So much win:
- If you know or guess the MAC address of any Kodak wireless digital picture frame, you can extract the images that are displaying on it.
You can also remotely reset the frame, meaning you can 0wnz0r it and change its image sources.
So Kodak has built an appliance for letting complete strangers (a) browse your family photos, and (b) beam shock porn directly into your living room! GOD BLESS AMERICA!
This all works because the appliances won't connect to (e.g.) Flickr directly, they only phone home to Kodak's server, which then proxies all of the requests. But at least they're using OAuth instead of making you type your Flickr password into Kodak's server. This is a little surprising, actually, given the tip-top job their security engineers did of designing the rest of the infrastructure of this product line.
I guess I ought to add a WebCollage source to generate random Kodak MAC addresses for use as an image source!
I see the Committee To Elect Rick Astley President continue their good work.
Too late.
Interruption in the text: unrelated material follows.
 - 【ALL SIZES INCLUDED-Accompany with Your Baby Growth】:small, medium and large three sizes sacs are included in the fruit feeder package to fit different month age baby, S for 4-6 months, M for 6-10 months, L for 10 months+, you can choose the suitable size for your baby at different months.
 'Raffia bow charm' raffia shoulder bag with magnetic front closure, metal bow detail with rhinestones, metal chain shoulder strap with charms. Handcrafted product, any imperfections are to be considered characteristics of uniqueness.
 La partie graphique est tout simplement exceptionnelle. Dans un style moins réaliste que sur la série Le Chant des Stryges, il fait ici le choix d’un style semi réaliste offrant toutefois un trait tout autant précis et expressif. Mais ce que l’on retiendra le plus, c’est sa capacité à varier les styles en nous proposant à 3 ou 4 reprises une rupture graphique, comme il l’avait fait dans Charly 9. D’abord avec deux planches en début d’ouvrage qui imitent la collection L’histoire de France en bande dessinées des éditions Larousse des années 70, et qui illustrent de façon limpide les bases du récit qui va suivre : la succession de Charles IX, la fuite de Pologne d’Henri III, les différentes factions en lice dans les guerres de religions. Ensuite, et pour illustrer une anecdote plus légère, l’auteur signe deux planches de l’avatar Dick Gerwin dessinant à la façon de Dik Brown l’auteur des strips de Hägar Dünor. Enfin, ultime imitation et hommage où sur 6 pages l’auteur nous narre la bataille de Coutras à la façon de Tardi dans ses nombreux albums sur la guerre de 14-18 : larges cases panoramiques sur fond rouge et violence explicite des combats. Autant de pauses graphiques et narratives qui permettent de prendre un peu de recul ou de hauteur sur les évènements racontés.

Many (all) feeds now show up as "Forbidden"
Although... Since they're not asking for a password, it's probably just checking the user agent.
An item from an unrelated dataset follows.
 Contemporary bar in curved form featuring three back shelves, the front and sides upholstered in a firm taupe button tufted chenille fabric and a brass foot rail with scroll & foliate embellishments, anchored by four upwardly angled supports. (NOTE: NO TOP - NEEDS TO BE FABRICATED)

thought the same, downloaded the firmware update from Kodak for the frame, searched for framechannel, and in the vincinity of the url I found "AVOS/1.1".
wget -U "AVOS/1.1 lib" -O test.rss http://rss.framechannel.com//productId=KD9371/frameId=00:23:4D:B8:07:6D
seems to work. =)
the lib-part would usually be libhttp something, just in case they change their detection again...
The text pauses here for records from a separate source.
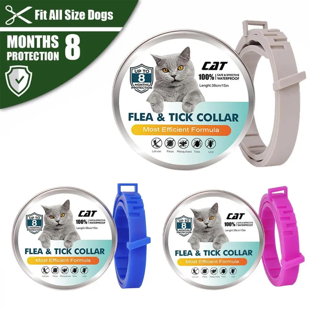 Ошейник для собак и кошек, 8 месяцев, ошейник против блох и клещей, защита от фотокомаров, силиконовое искусство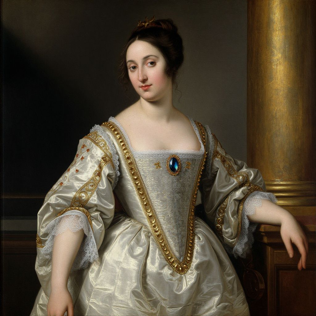 Elegant portrait of a woman by Giovanni Battista Gaulli (Il Baciccio), painted in the 1670s, showcasing her in a luxurious cream gown adorned with gold embellishments, lace trim, and a central jewel, set against a dark, architectural backdrop with a golden column to the right.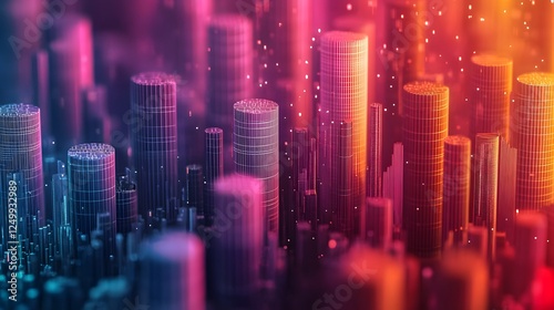 Isometric data visualization engaging bar graphs showcasing city buildings with lights and modern architecture elements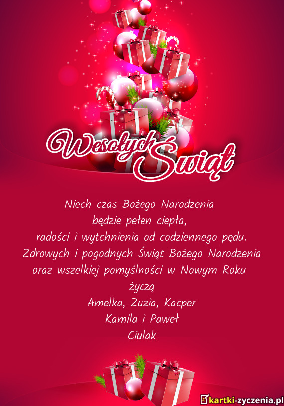 radości i wytchnienia od codziennego pędu. Zdrowych i pogodnych Świąt Bożego Narodzenia oraz wszelkiej pomyślności w Nowym Roku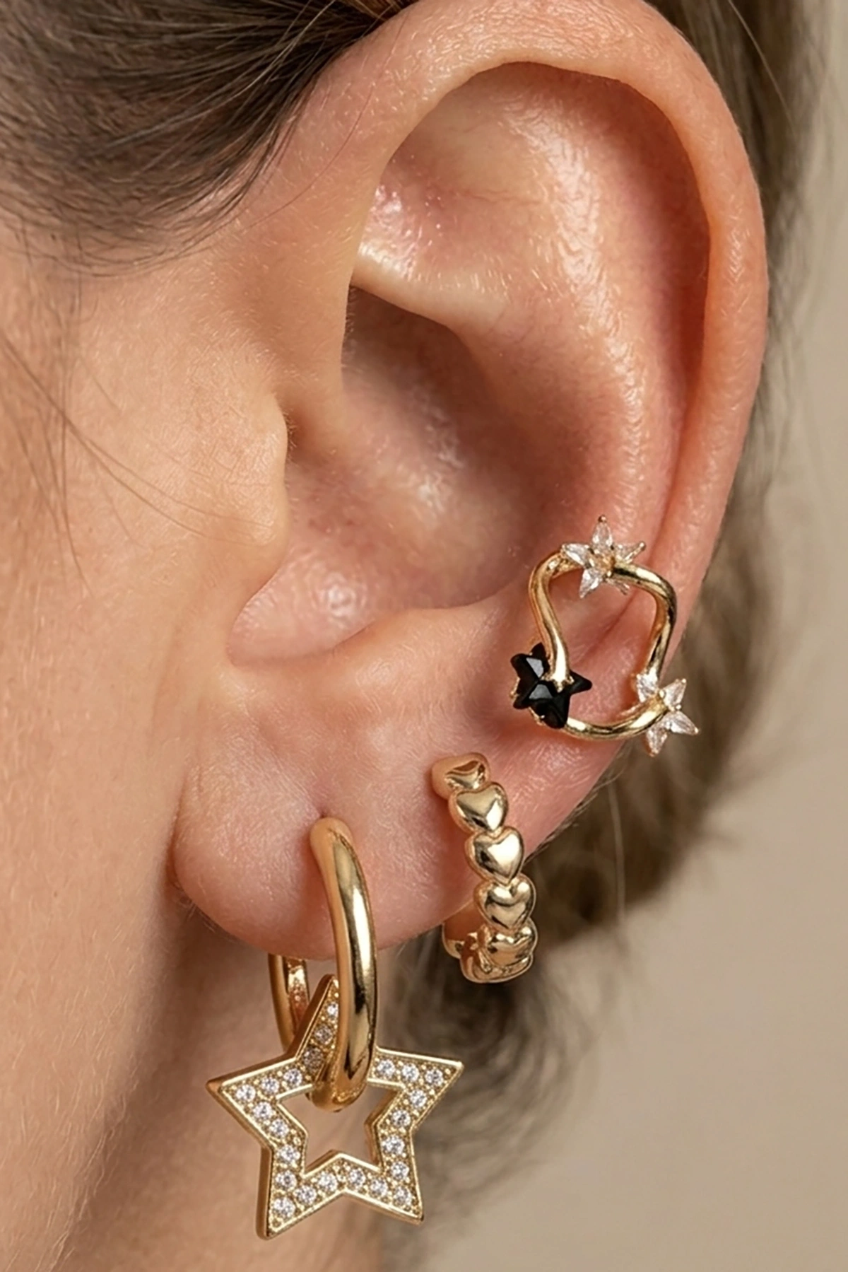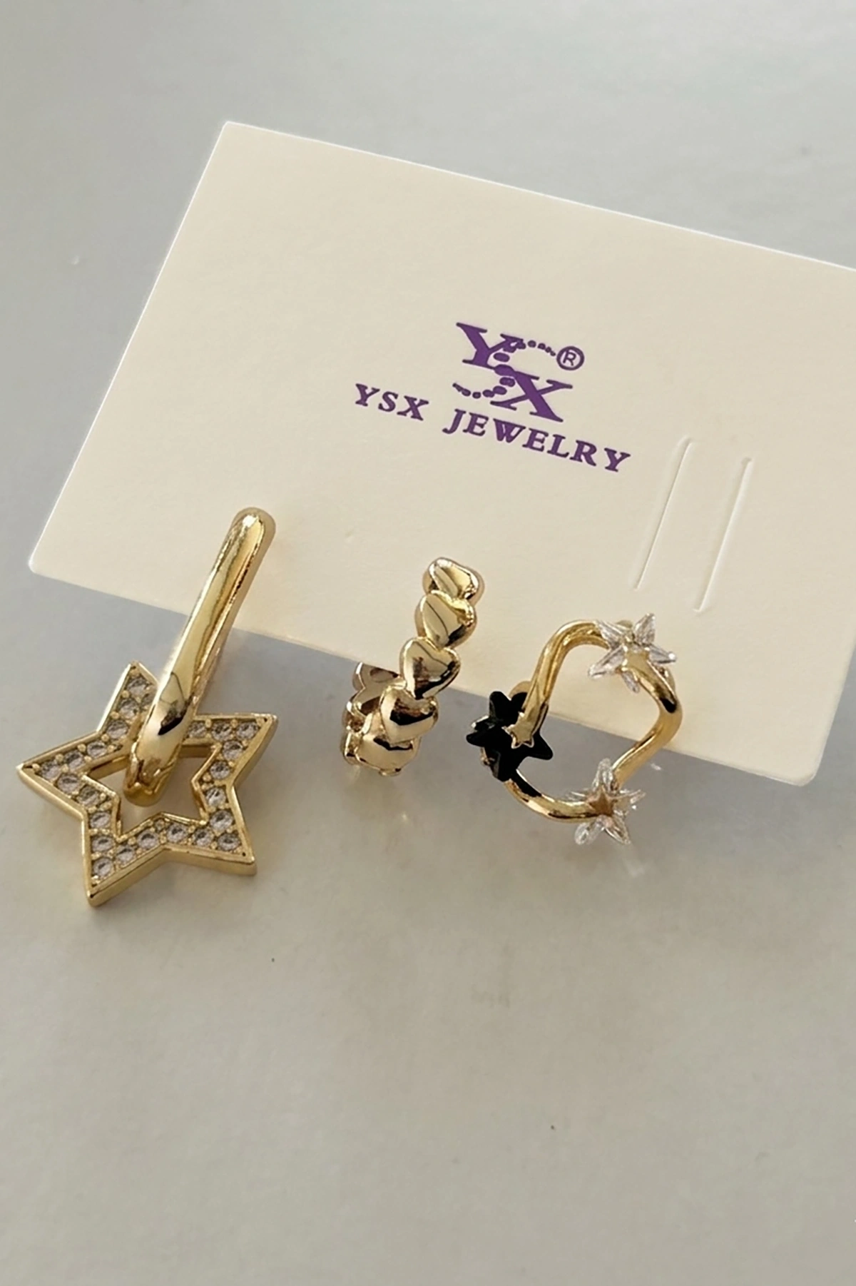 Altın Renk Yıldız Figürlü 3'lü YSX Küpe Set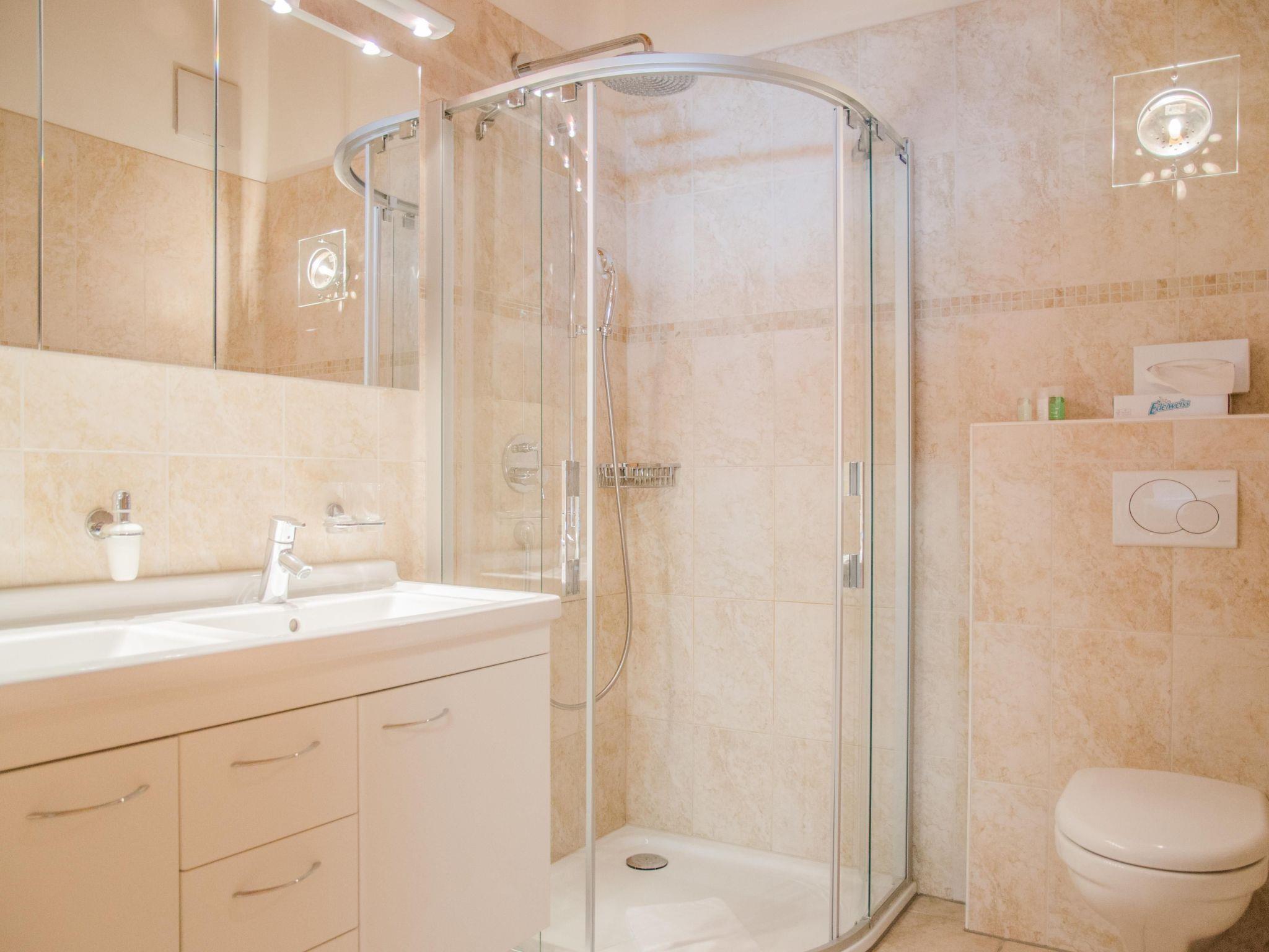 The cosy 84m2 3.5-room attic apartment has one bedroom with double bed and bunk bed, one bedroom with double bed and a bathroom with shower and toilet and a separate toilet. The well-equipped kitchen opens onto a bright living area with Scandinavian stove.

Interestingly, changing the product ID (I changed the last digit from 1 to 0) allows you to view a feed of pics, called "fmdefaultfeed". And changing it to a 2 gets you a 5-letter activation code (for the site?).
On the registration page they have a lot of manufacturers. Presumably whose CDMs (Chief Decision Monkeys) all thought the security is good enough.
So I guess they realized they're frakked and are doing a temporary block, but only for this product id.
Hee hee hee... I wonder how they'll be able to fix this. Remote/SD-card based firmware upgrade possibilities? Product recall?
Are there any digital picture frames that can simply read images from a Windows share on my network? No stupid subscription services, no "we'll scrape it off Flickr's public feed via our own proxy" or other crap that really means "in two years time your device will be useless as we'll turn off our servers due to lack of users".
I just want a little screen that shows images from a share on my network, without having to dismantle a laptop and put it in a picture frame.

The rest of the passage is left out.